Teknik klasifikasi data penginderaan jauh dikembangkan dari teknik klasifikasi berbasis piksel yang hanya mengandung informasi tunggal yaitu nilai spektral pada penelitian ini dengan teknik klasifikasi berbasis objek yang melibatkan variabel tambahan seperti warna, kehalusan dan kekompakan objek. Algoritma klasifikasi juga dikembangkan dari algoritma konvensional seperti
maximul likelihood dengan algoritma yang lebih maju mampu menghasilkan akurasi klasifikasi yang lebih baik dibandingkan dengan beberapa penelitian sebelumnya. Penggunaan data citra Landsat 8 OLI dengan resolusi spektral yang lebih baik dari generasi Landsat sebelumnya juga merupakan faktor yang menentukan peningkatan akurasi.

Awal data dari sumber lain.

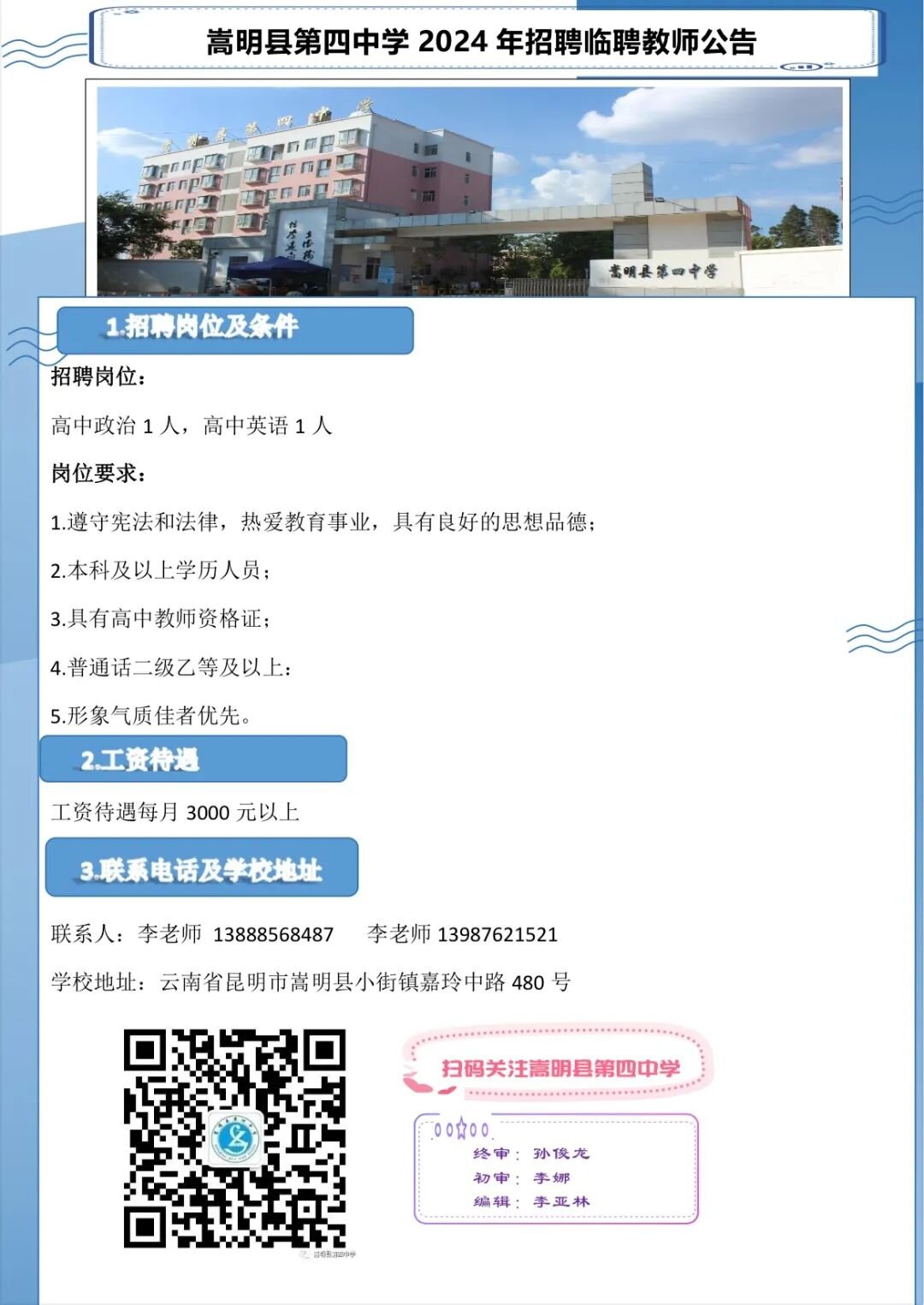 2024年昆明市嵩明縣第四中學招聘臨聘教師公告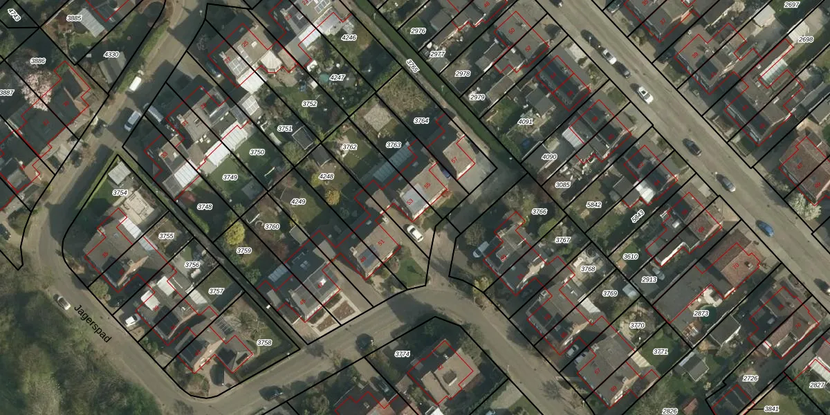 Jagerspad 53 is gelegen op kadastraal perceel UBH00A3762. Deze kadastrale aanduiding is uniek en wordt gebruikt door het Kadaster om eigendomsrechten en andere zakelijke rechten vast te leggen. Het perceel maakt onderdeel uit van de kadastrale gemeente Ubach over Worms.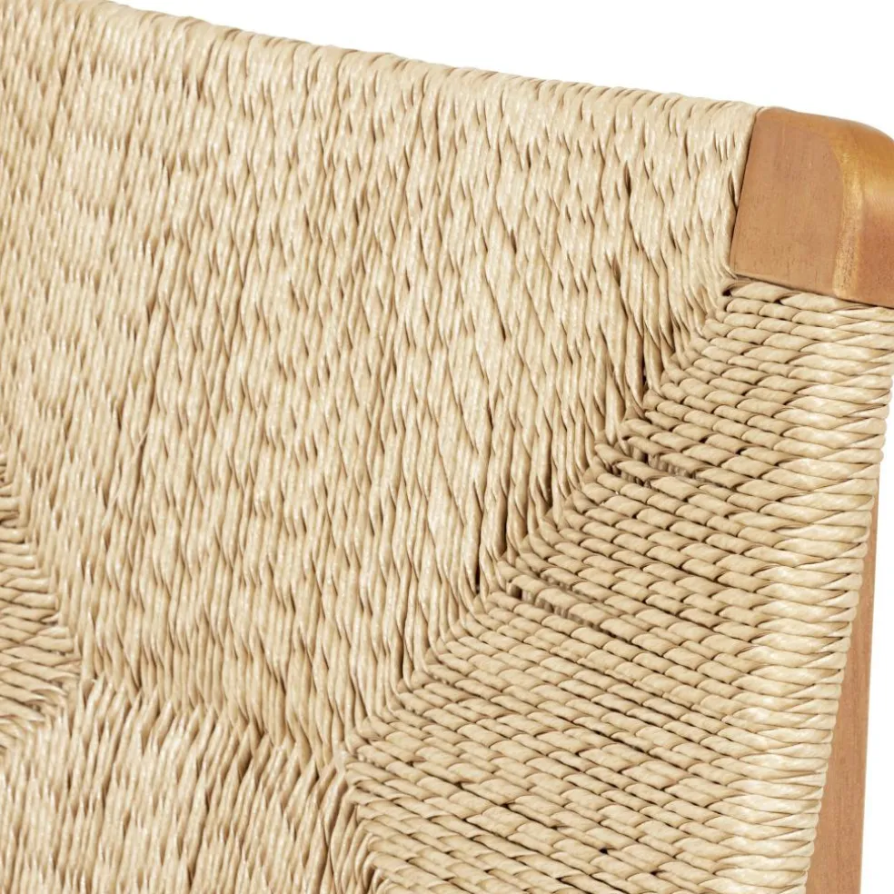 Der F-Chair Outdoor Lounge Chair wird im Garten, auf dem Balkon oder auf der Terrasse zu dem Ort, wohin man sich mit Freunden und der Familie zur Entspannung zurückzieht. Er ist auf maximalen Komfort ausgerichtet: Die beiden Armlehnen und die breite Rückenlehne unterstützen den Körper in jeder Position. Auffallend ist, dass die Vorderbeine gerade und die Hinterbeine schräg gestaltet sind. Das Gestell besteht aus Teakholz, einem Material, dass sich für den Outdoorbereich bestens eignet. Dafür sorgt der hohe Ölgehalt. Das lebendige Naturmaterial erhält eine natürliche Patina, wenn man die Oberfläche nicht regelmäßig mit einem speziellen Öl behandelt. Für die Sitzfläche und die Rückenlehne des F-Chair Outdoor Lounge Chairs verwendet der Designer eine Faser, die aus Polyethylen gefertigt ist. Sie ist zu einem schönen Muster verwoben. Das Material trocknet nach einem Regenguss schnell ab. Zur Schonung empfindlicher Oberflächen sind an den Beinen Edelstahlbeschläge mit Gleitern aus Kunststoff angebracht.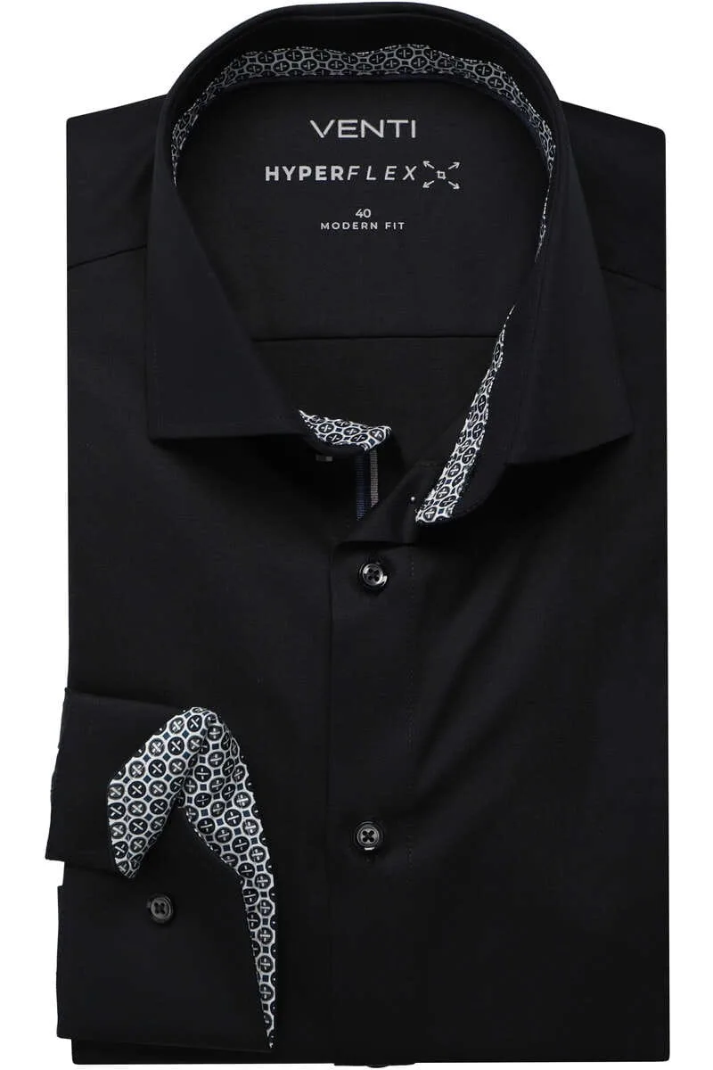 Venti Hyperflex Modern Fit Overhemd zwart, Effen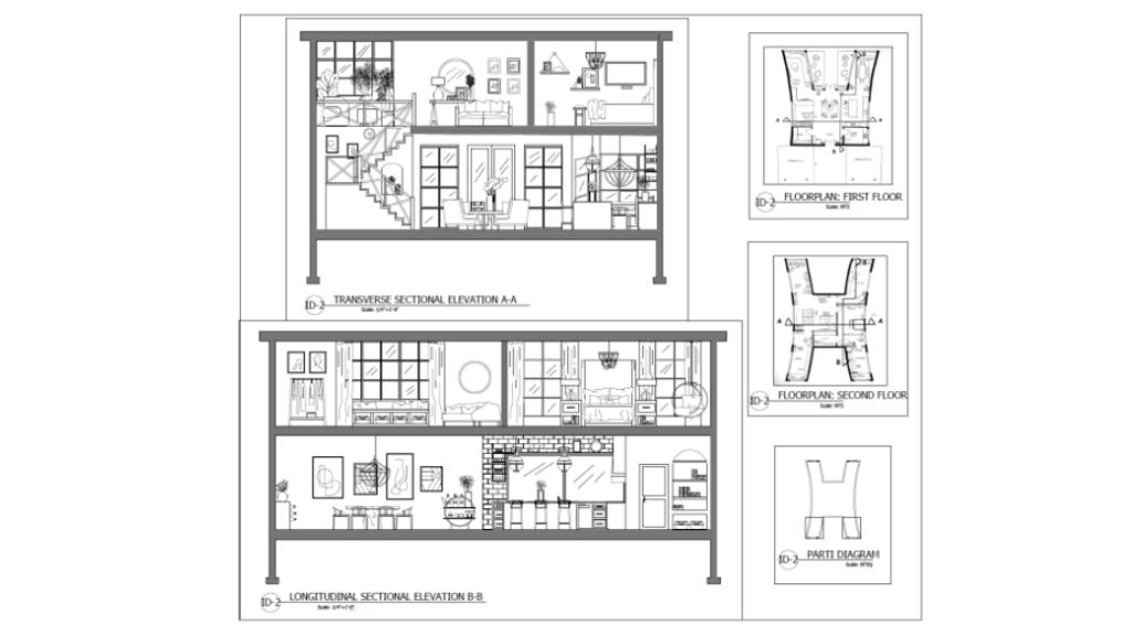 The Gemini House Design Concept was created for my Studio Design class. The objective of the assignment was to create a house inspired by the client. The parti diagram is in the shape of a Gemini. The gemini sign represents twins. This house was designed as an homage to her family life. Software used: AutoCAD, InDesign.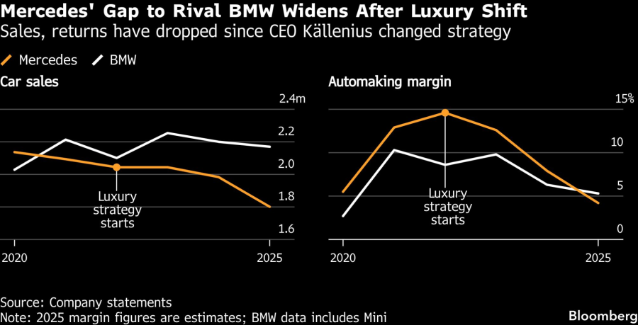 Слабоста во Кина, најголемиот пазар на брендот, е особено загрижувачка бидејќи локалните производители ги освојуваат пребирливите купувачи со удобност и префинетост - карактеристики што некогаш беа заштитен знак на „Мерцедес“.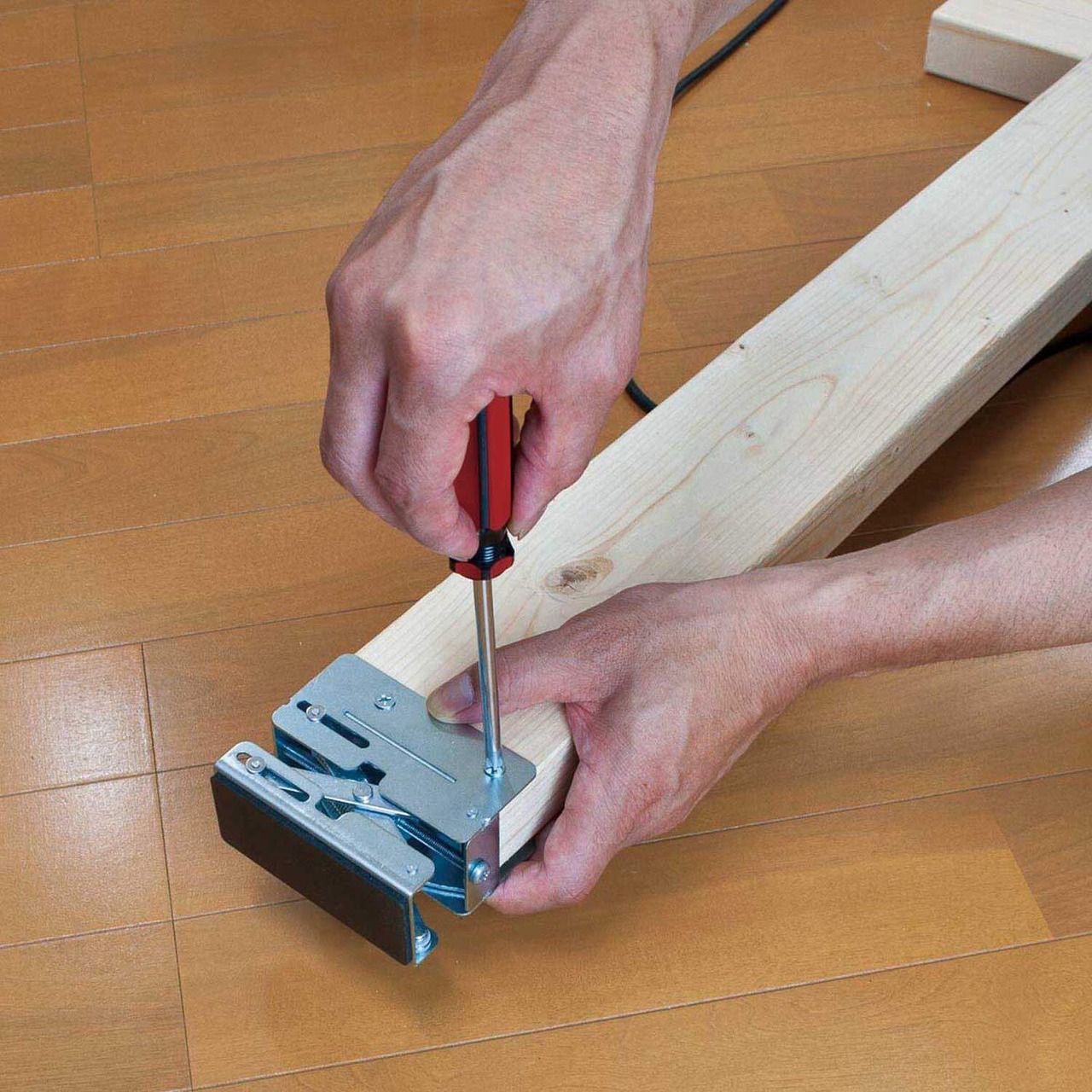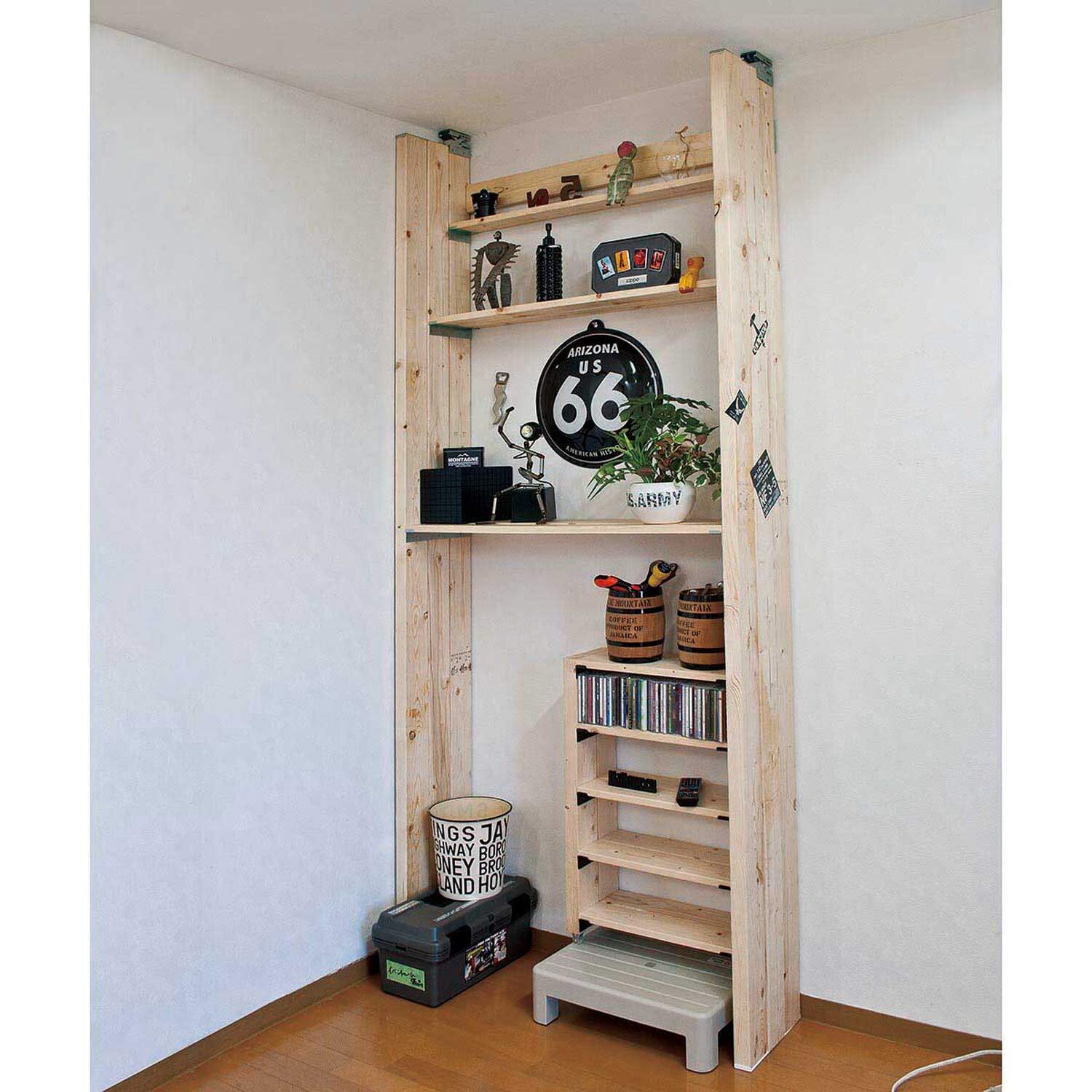ジャッキ+バネの力で、市販のツーバイ材をしっかり固定でき、オリジナルの棚が簡単に作れる

Analisis deteksi perubahan dengan memanfaatkan resolusi temporal citra Landsat mampu menghasilkan informasi perubahan habitat bentik ekosistem terumbu karang selain luas perubahan habitat antar waktu, juga dapat menghasilkan perubahan dari satu habitat ke habitat yang lain. Fenomena perubahan kelas-kelas habitat bentik terumbu karang secara spasial dapat dijelaskan melalui analisis deteksi perubahan. Namun demikian faktor-faktor penyebab terjadinya perubahan ekosistem terumbu karang masih perlu pengkajian lebih jauh karena keterbatrasan data-data pengamatan lapangan.